Equal club rights sought for women in business

The battle against discrimination in the workplace is shifting to a new and, at first blush, an unusual arena -- the private social club. The informal atmosphere of an oak-paneled Downtown Club may be a good place for thinking aloud about a new product line, for improving one's rapport with the people in the accouting department, or to overhear what the boss really thinks of that new branch manager in Phoenix.

But because federal law recognizes the right of private social clubs to set membership policies, not everyone has access to this environment. As women and blacks scramble up the corporate ladder, they often find that clubs, which could be so helpful at that stage of their ascent, are closed to them.

Thus, the US Department of Labor is proposing a rule that forbids federal contractors to pay their employees' memberships or expenses at discriminatory clubs, unless the firms can prove that such payments have not resulted in employment discrimination at the firms. The regulations would apply to the 300, 000 federal contractors and subcontractors, with a collective work force of at least 31 million people.

The right of private social clubs to set their own membership policies, and hence to exclude blacks, Jews, or women, was recognized in the Civil rights Act of 1964 as an expression of the constitutional right of freedom of association.

But the Labor Department's explicit assumption is that supporting discriminatory clubs leads to discrimination in the workplace, and the burden of proof to the contrary is on the employer.

The Labor Department sees the regulation as a natural part of its responsibility to ensure that federal contractors have nondiscriminatory employment practices. That is how women's groups and black organizations see it , too.

But the US Chamber of Commerce disagrees. "Corporations are not in the business of changing membership policies of private clubs," says William H. Knapp, labor relations attorney for the chamber.

The regulations, which he says are "so vague as to be unenforceable" will put a large legal and financial burden on contractors, he adds.

Moreover, the regulations infringe on the right of freedom of association, and, "the chamber maintains that there has been no statistical demonstration of a connection between payment of fees and expenses at discriminatory clubs, and employment discrimination," Mr. Knapp says.

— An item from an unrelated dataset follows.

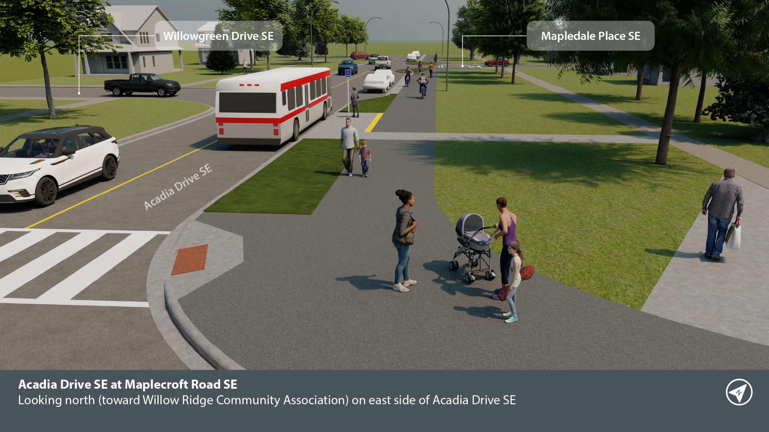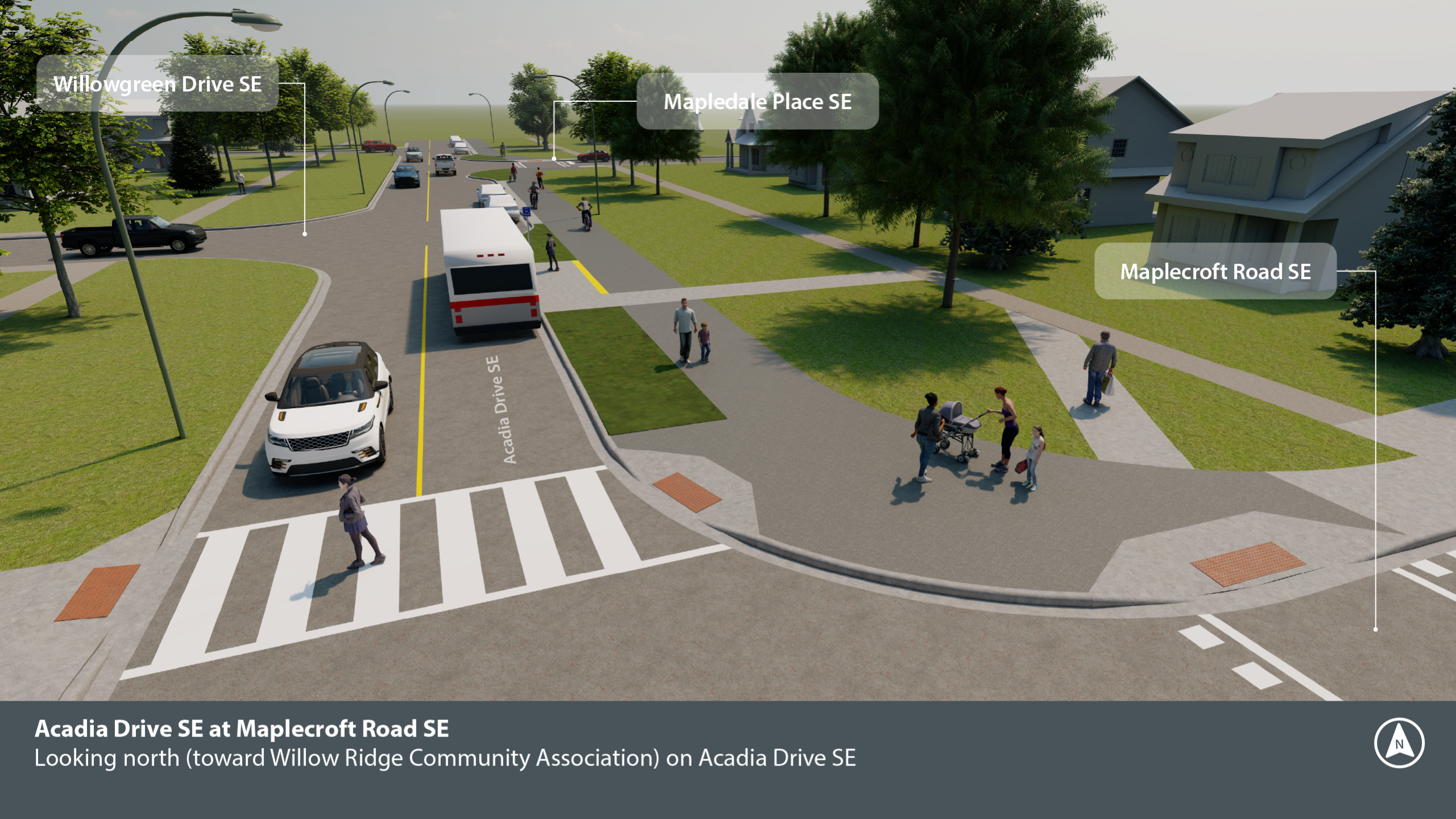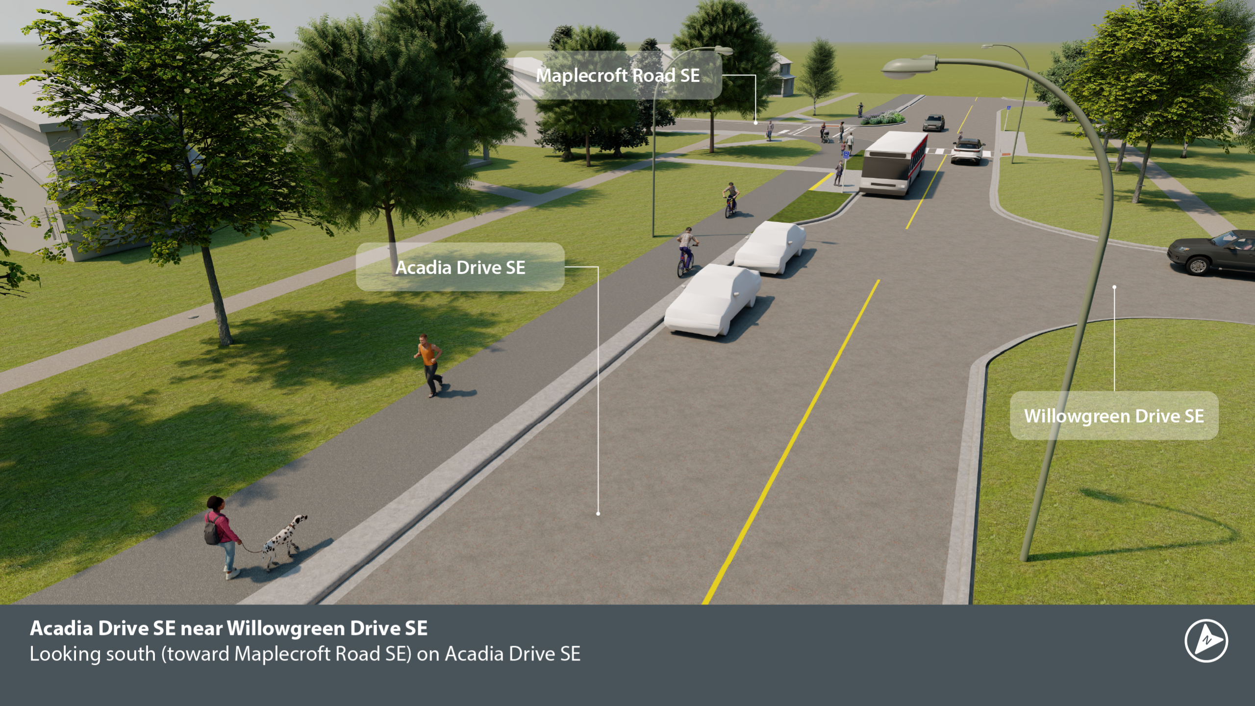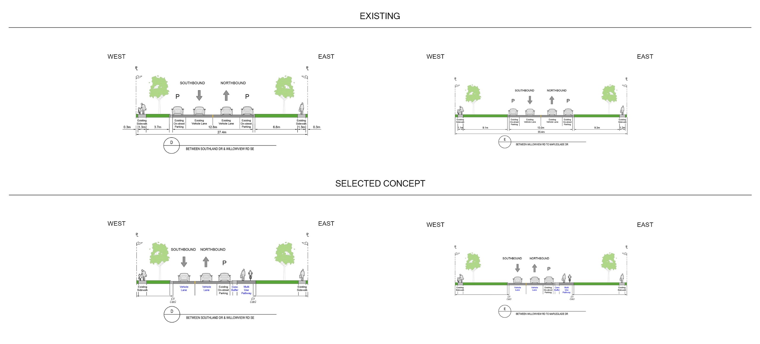 Segment 3 is approximately 2km and stretches from Southland Drive S.E. to Anderson Road S.E. The roadway was narrowed to reduce vehicle speeds. To achieve this, some parking will be removed. Parking is maintained on one side of the road for most of the segment but alternates sides. A multi-use pathway has been added on the east side of the road in the boulevard space, and there are no anticipated impacts to existing trees.

The chamber proposes an alternative: that contractors simply be required to make whatever money they have for memberships available equally to all similarly situated employees. If a woman executive cannot be admitted to the Rotary Club, for example, the chamber would suggest her employer support her in an equivalent organization. But what if there is none.

Mr. Knapp does not have an answer for that.He does suggest that as more women move into the business world, it will be natural for clubs to change their membership policies.

But Janice Blood of Working Women, the Boston affiliate of the National Association of Women Office Workers, attacks this suggestion. "It's like the old line that 'Once women start going to school in big numbers, they will naturally rise in the business world.'" Record numbers of women may be working, but they simply are not rising very far, she says.

The proposed regulations have been commented on by hundreds of interested parties, and the final versions are expected within a couple of months.